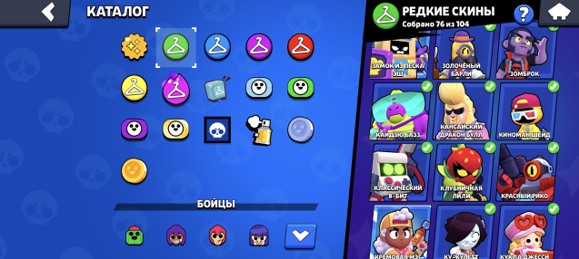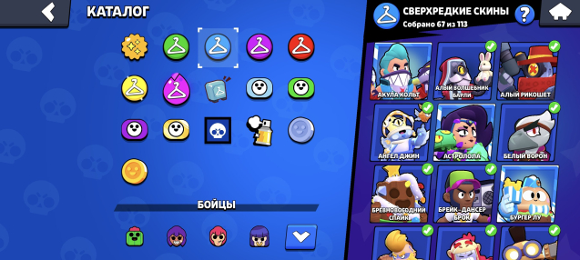 Очень много скинов ( на скринах видно количество каждой рекдости )
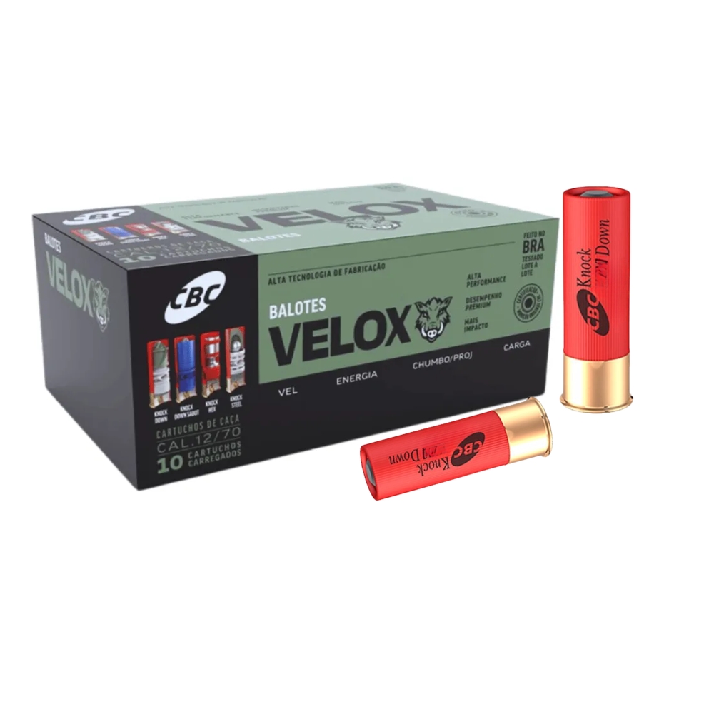 Cartucho CBC Knock Down Calibre 12 Velox – Caixa com 10 Unidades
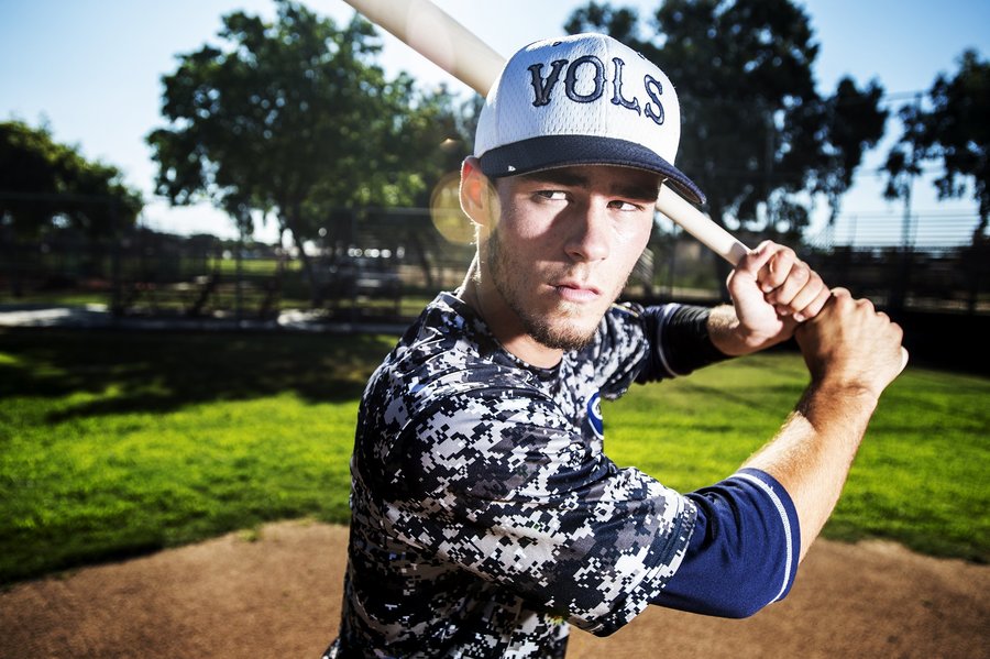 Merced High School senior Josh May poses for a portrait at the Merced High School baseball field in Merced, Calif., Tuesday, July 28, 2015. May, who is playing for the Merced Volunteers this summer, was sidelined last season after undergoing Tommy John surgery on his throwing arm.
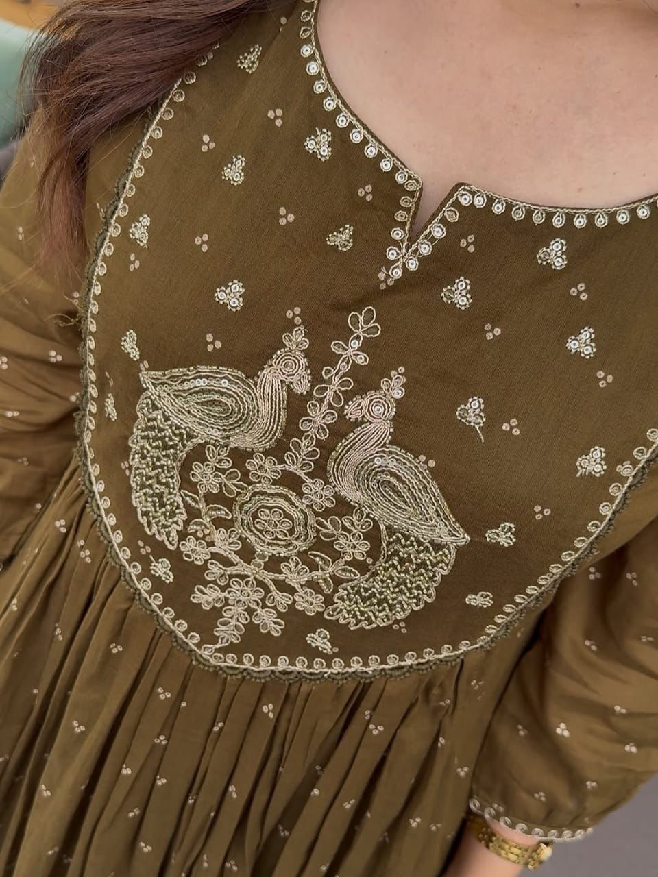 - A-line Kurti with embroidered yoke and detailed sleeves for a refined look
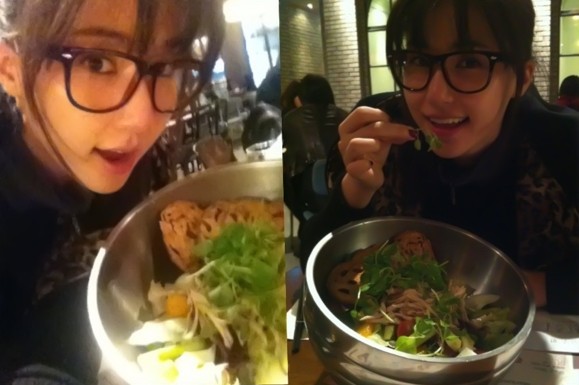 사진 속 공현주는 화장기 없는 민낯에 뿔테 안경을 쓰고 야채 샐러드를 맛있게 먹고 있다.

.....

#### WHAT YOU WILL DO
Beginning with the line where "Merced High School senior" appears, transcribe the records above word for word through their last line, and include no pictures.

#### OUTPUT OF THE TASK
 Merced High School senior Josh May poses for a portrait at the Merced High School baseball field in Merced, Calif., Tuesday, July 28, 2015. May, who is playing for the Merced Volunteers this summer, was sidelined last season after undergoing Tommy John surgery on his throwing arm.
 - A-line Kurti with embroidered yoke and detailed sleeves for a refined look
 사진 속 공현주는 화장기 없는 민낯에 뿔테 안경을 쓰고 야채 샐러드를 맛있게 먹고 있다.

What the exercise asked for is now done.